Wednesday, May 26, 2010

World War One

World War One: A Short History World War One: A Short History by Norman Stone

My rating: 4 of 5 stars
Chapter 1 (Outbreak) weaves together the various factors that made Europe a place where war was waiting to happen. The assassination of Archduke Franz Ferdinand was ‘the inevitable accident’. Years later the murderer said that if he had not done it, “the Germans would have found another excuse” (23). "The generation that emerged into maturity around 1890 has much to answer for…the greatest mistake of the twentieth century was made when Germany built a navy designed to attack [Great Britain:]” (10-11).

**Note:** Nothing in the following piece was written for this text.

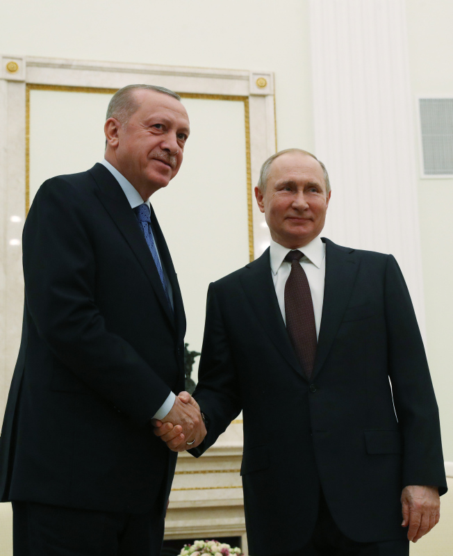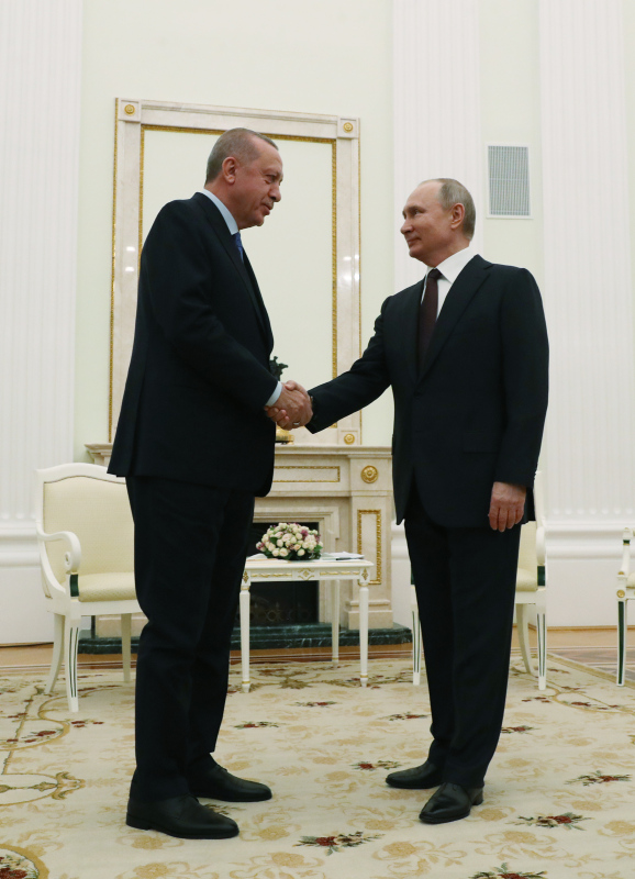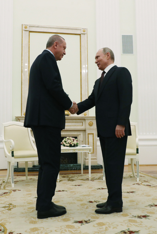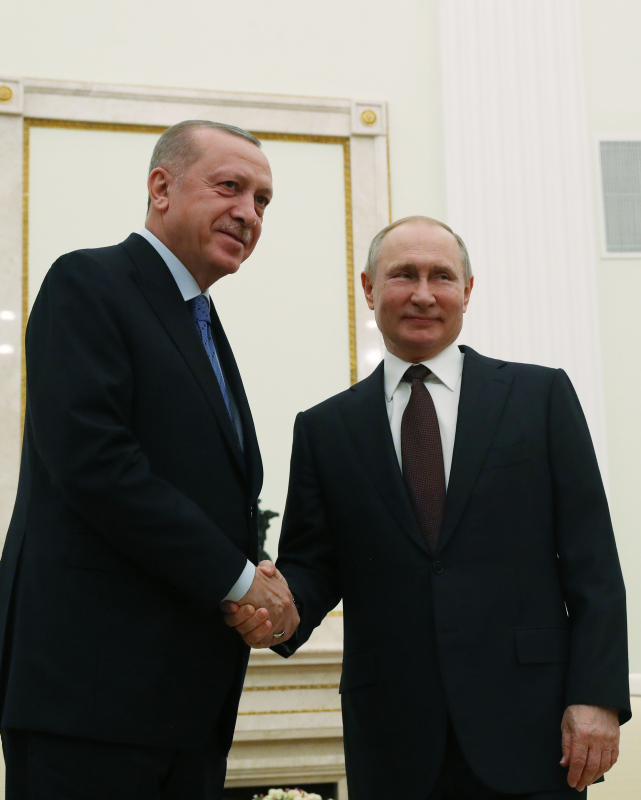 Başkan Recep Tayyip Erdoğan, Rusya Devlet Başkanı Vladimir Putin ile Moskova'da bir araya geldi. İki lider kritik görüşme öncesinde basın mensuplarına açıklamalarda bulundu. Cumhurbaşkanı Erdoğan, "Bölgede sıkıntı büyük. Bugün burada atacağımız adım, alacağımız isabetli kararlar, bölgeyi de ülkelerimizi de rahatlatacaktır." derken, Putin ise "Suriye'de hayatlarını yitiren askerleriniz için taziyelerimi ifade etmek istiyorum. Telefon görüşmemizde ifade ettiğim gibi hiç kimse orada Türk askerinin bulunduğunu bilmiyorlardı." ifadelerini kullandı. İşte tarihi zirveden ilk kareler...
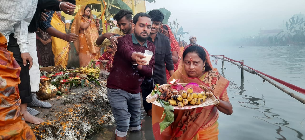 शहर में रोशनी की व्यवस्था की गई।जिससे अहले सुबह छठव्रतियों को घाट पर जाने में किसी प्रकार की परेशानी न हो।घाट पर जिला प्रशासन की ओर से छठव्रतियों के वस्त्र बदलने के लिए चेंजिंग रूम,भीड़ पर नियंत्रण के लिए वॉच टावर का निर्माण के साथ घाटों पर गहरे पानी को लेकर बांस की बेरेकेडिंग की गई।इसके अलावे किसी तरह की अनहोनी घटना से निबटने के लिए घाटों पर एसडीआरएफ के जवानों के अलावे गोताखोर की तैनाती रही। प्रकृति को समर्पित इस महापर्व में छठव्रतियों ने पानी में खड़े होकर भगवान भास्कर की अराधना की और रविवार को डूबते हुए सूर्य को अर्घ्य देने के बाद सोमवार को उगते हुए सूर्य को अर्घ्य दिया। छ्ठव्रती कच्चे बांस के बने सूप में नारियल, डाब नींबू,फल- फूल सहित अन्य प्रकृति से प्रदत समानों के साथ डुबकी लगाते हुए सुख शांति और समृद्धि को छठी मैया से कामना की।वहीं विभिन्न घाटों पर पूजा समिति की ओर से स्थापित भगवान भास्कर की प्रतिमा के दर्शन के लिए भक्तों की भीड़ उमड़ी रही।

“No war has ever begun with such a fundamental misunderstanding of its nature” (36).

“The noise of German movements was concealed by, of all things, the croaking of frogs in the Aisne, and the surprise was almost complete” (168-9). 

“The real disaster, in all of this, was that Germans did not think that they had been defeated” (189).

Prophetic words of Lloyd George: “if peace were made now, in twenty years’ time the Germans would say what Carthage had said about the First Punic War, namely that they had made this mistake and that mistake, and by better preparation and organization they would be able to bring about victory next time” (189).

“The way was open for a Second World War even more terrible than the First” (190).